A simple enrichment pass on pack creation can:
- Pull the venue's load-in door dimensions from Master Tour and write them into the pack description, so the loadmaster sees them when planning.
- Pull the steward's name and phone number from Master Tour contacts and put them in the pack notes — one less tab for the touring production manager to switch to.
- If the venue has dock-restriction notes ("Box truck only, no 53-footers — must park around the corner"), surface that into the pack's name or description so it gets seen before someone routes a tractor-trailer into a dead end.
This is the kind of move that quietly removes 20-minute problems before they happen. As industry guides on tour-day workflows put it, the day sheet is meant to be "a succinct guide to everything happening on a given day," and the truck is part of "everything." (tourmanager.info — Day Sheets)
Use case 5: Closing the loop with Cargo Measure and pull sheet sync
For teams already running Flex Rental Solutions, Rentman, or a vendor manifest workflow, the integration can extend further upstream. Pull-sheet line items get parsed into Truck Packer cases, the pack gets built (manually or with a packing-strategy script), the pack URL gets pushed to Master Tour, and the loop closes.
This is also where Cargo Measure — the LIDAR-based case measurement app Backline Logic is developing — slots in. Scan a road case with your phone, get accurate dimensions, auto-create the case in Truck Packer, drop it into the day's pack, and the new piece of gear shows up on the crew's day sheet diagram without anyone touching a spreadsheet.
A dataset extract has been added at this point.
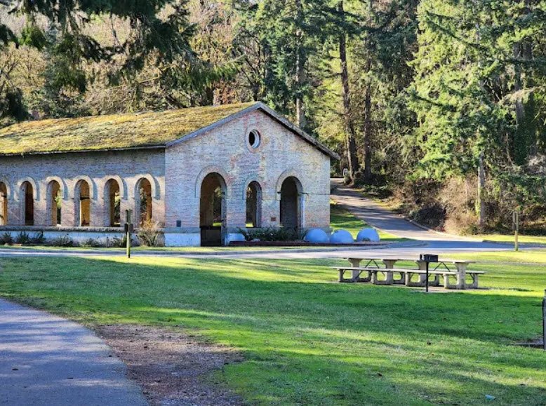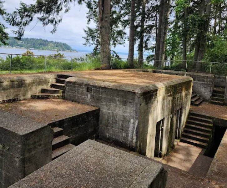 Once a harbor defense site protecting Bremerton shipyards, it features preserved military structures like a 1901 brick torpedo warehouse now serving as a reservable picnic shelter, Battery Mitchell gun casement, and interpretive exhibits amid Douglas fir and maple forests.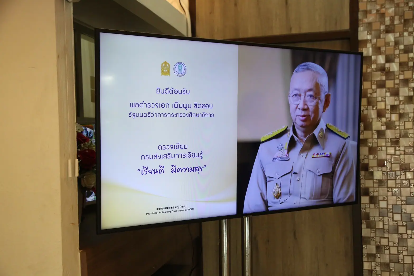 วันนี้ (18 มกราคม 2567) เวลา 10.00 น. พลตำรวจเอก เพิ่มพูน ชิดชอบ รัฐมนตรีว่าการกระทรวงศึกษาธิการ (รมว.ศธ.) พร้อมด้วย นายนพ ชีวานันท์ เลขานุการ รมว.ศธ. ตรวจเยี่ยมการทำงานของกรมส่งเสริมการเรียนรู้ (สกร.) โดยมี นายธนากร ดอนเหนือ ผู้ตรวจราชการกระทรวงศึกษาธิการ รักษาราชการแทนอธิบดีกรมส่งเสริมการเรียนรู้ ผู้บริหาร และข้าราชการ สกร. เข้าร่วม ณ ห้องประชุมบรรจง ชูสกุลชาติ สกร. และผู้อำนวยการ สกร.จังหวัดทั่วประเทศ เข้าร่วมผ่านระบบ Zoom meeting และถ่ายทอดทางเฟซบุ๊ก ETV Channel

The physical-to-digital gap that has dogged touring logistics for thirty years closes one road case at a time.
What this isn't
This isn't a pitch for ripping out anyone's existing workflow. The loadmaster's whiteboard isn't going anywhere. The steward's clipboard isn't going anywhere. What changes is that the diagram the loadmaster built — the one that previously lived in their head or in a screenshot — now travels with the show, in the same app the rest of the crew is already opening every morning.
It also isn't a Master Tour replacement. Master Tour does what Master Tour does extraordinarily well. The integration is additive: Eventric stays the system of record for the day, and Truck Packer stays the system of record for the truck. They just stop being two separate worlds.
Where to start
If you run advance for a tour and want to try this on your next show day, start small. Open one Master Tour day, build the matching pack in Truck Packer, copy the shareable URL into the load-in itinerary item, and watch what the local crew does with it the next morning.
If you're a developer or a TI working production tech, the integration is a weekend project: OAuth 1.0 against Eventric's v5 API, a bearer token against Truck Packer, a small reconciliation loop, and a cron. Drop us a note if you want a worked example — we're putting together a reference repo that does exactly this, and we'd rather build it with input from the production managers who'll actually use it.
The day sheet is the most-opened document in touring. It's about time the truck showed up on it.